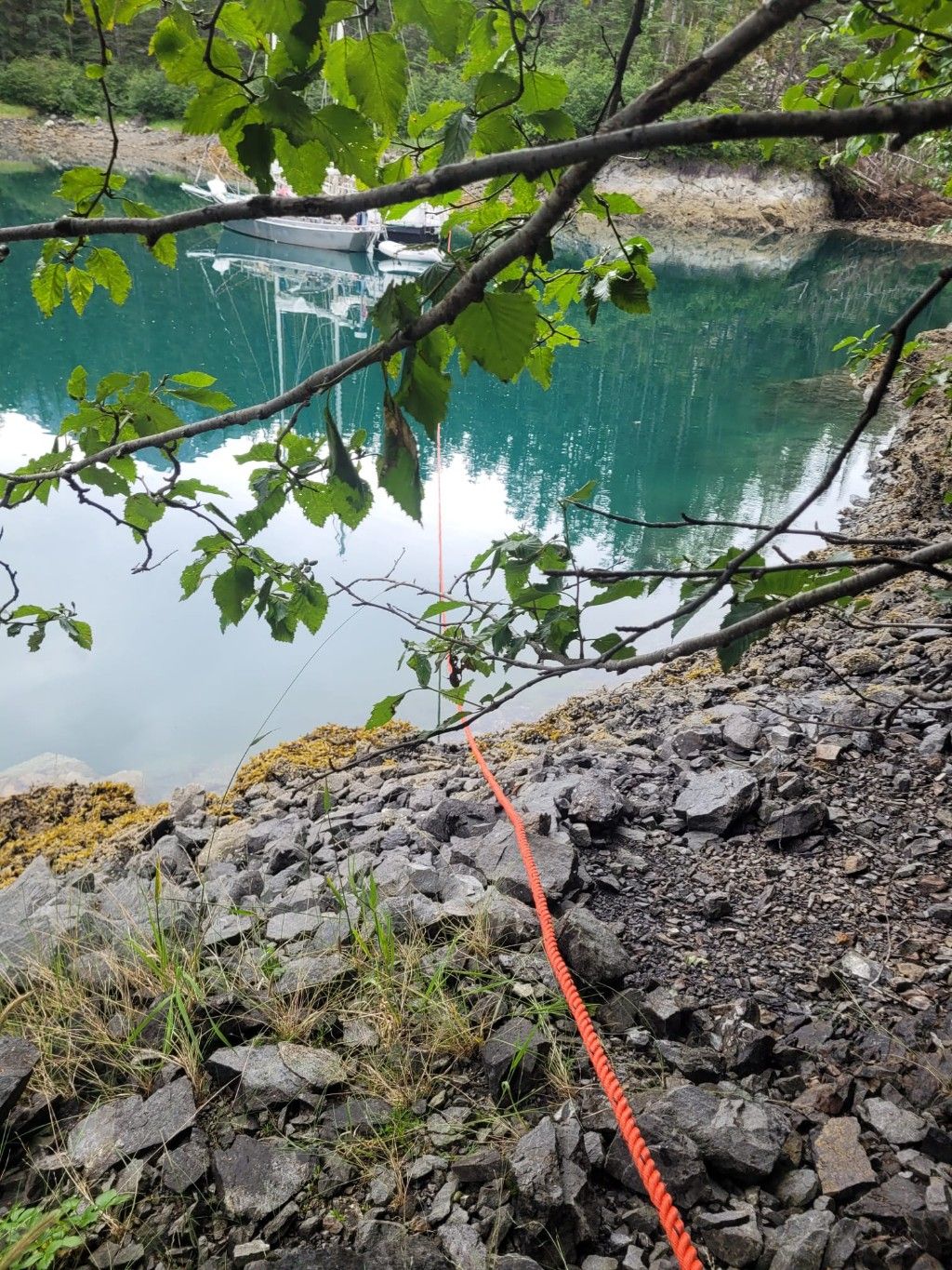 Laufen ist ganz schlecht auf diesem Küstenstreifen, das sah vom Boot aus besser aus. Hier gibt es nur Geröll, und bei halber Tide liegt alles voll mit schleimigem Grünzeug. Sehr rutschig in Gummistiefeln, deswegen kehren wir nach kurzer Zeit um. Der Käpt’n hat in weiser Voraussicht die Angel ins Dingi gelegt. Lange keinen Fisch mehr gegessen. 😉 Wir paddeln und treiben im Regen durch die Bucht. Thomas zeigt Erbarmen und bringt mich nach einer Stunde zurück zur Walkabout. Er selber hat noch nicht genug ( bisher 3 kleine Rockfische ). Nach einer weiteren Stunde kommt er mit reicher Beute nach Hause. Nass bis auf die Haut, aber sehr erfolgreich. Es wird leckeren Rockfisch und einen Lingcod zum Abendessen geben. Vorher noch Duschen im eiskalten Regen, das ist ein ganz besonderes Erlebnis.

* * *

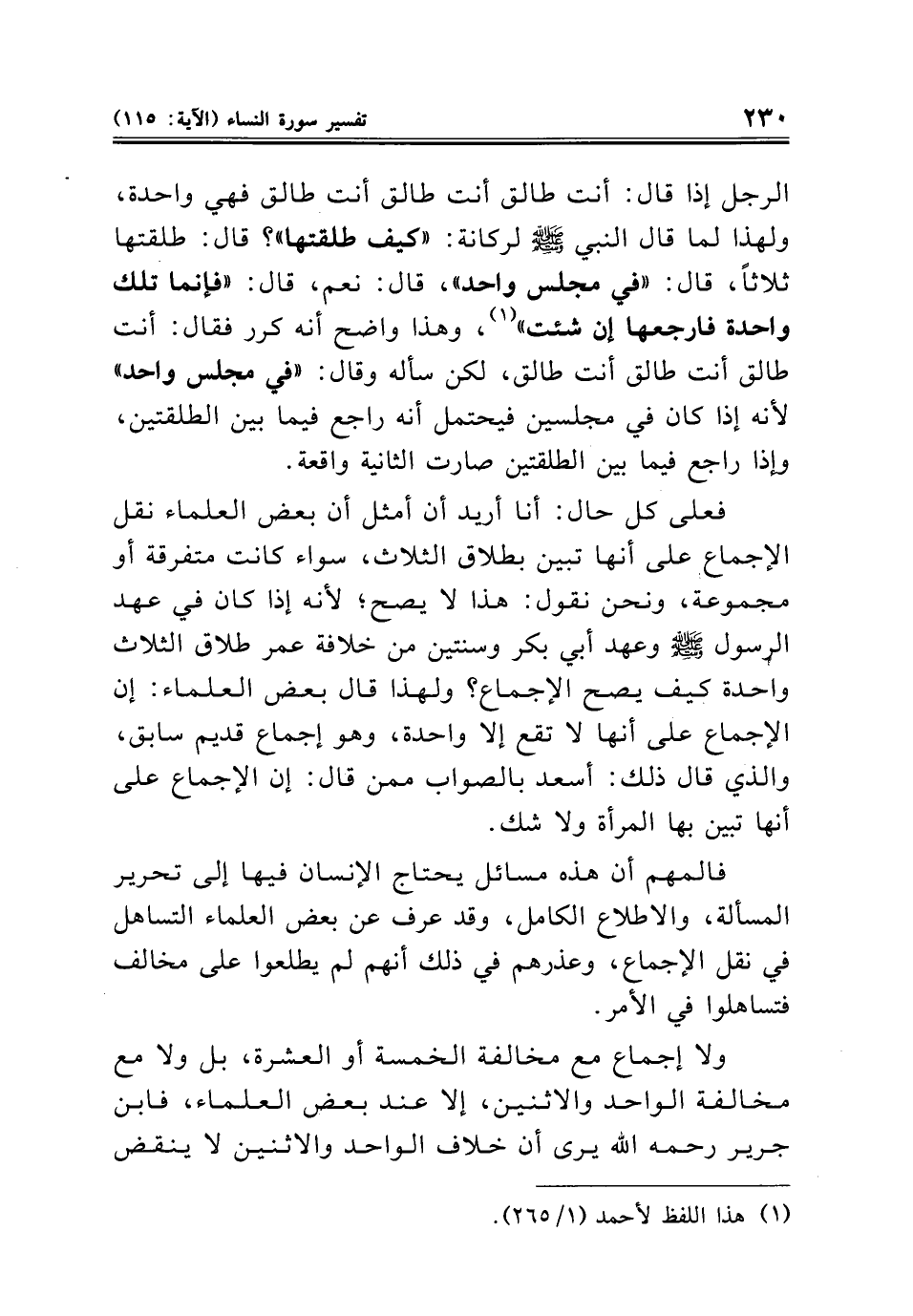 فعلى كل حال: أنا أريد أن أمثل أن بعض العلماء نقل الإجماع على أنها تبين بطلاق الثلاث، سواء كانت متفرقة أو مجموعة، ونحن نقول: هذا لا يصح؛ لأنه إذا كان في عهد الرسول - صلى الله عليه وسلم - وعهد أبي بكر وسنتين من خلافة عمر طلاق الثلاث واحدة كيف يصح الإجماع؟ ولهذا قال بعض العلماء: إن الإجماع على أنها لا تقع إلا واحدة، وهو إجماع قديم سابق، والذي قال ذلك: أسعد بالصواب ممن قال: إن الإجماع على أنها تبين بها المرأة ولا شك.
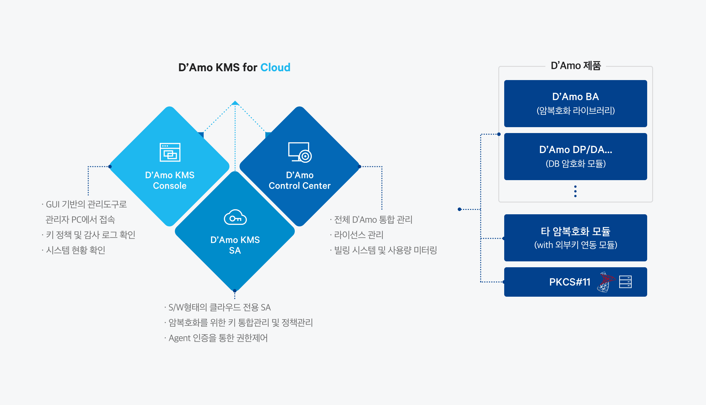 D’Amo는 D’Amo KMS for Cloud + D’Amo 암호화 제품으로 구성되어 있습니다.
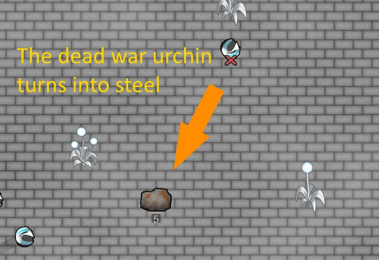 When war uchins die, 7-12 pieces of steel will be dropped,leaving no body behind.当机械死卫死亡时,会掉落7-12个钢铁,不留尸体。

WORK REQUIRED → I'd like the lines above repeated exactly, from the one that contains "فعلى كل حال: أنا" through the one that contains "When war uchins", with no pictures.

ANSWER FOR THIS EXERCISE →
 فعلى كل حال: أنا أريد أن أمثل أن بعض العلماء نقل الإجماع على أنها تبين بطلاق الثلاث، سواء كانت متفرقة أو مجموعة، ونحن نقول: هذا لا يصح؛ لأنه إذا كان في عهد الرسول - صلى الله عليه وسلم - وعهد أبي بكر وسنتين من خلافة عمر طلاق الثلاث واحدة كيف يصح الإجماع؟ ولهذا قال بعض العلماء: إن الإجماع على أنها لا تقع إلا واحدة، وهو إجماع قديم سابق، والذي قال ذلك: أسعد بالصواب ممن قال: إن الإجماع على أنها تبين بها المرأة ولا شك.
 D’Amo는 D’Amo KMS for Cloud + D’Amo 암호화 제품으로 구성되어 있습니다.
 When war uchins die, 7-12 pieces of steel will be dropped,leaving no body behind.当机械死卫死亡时,会掉落7-12个钢铁,不留尸体。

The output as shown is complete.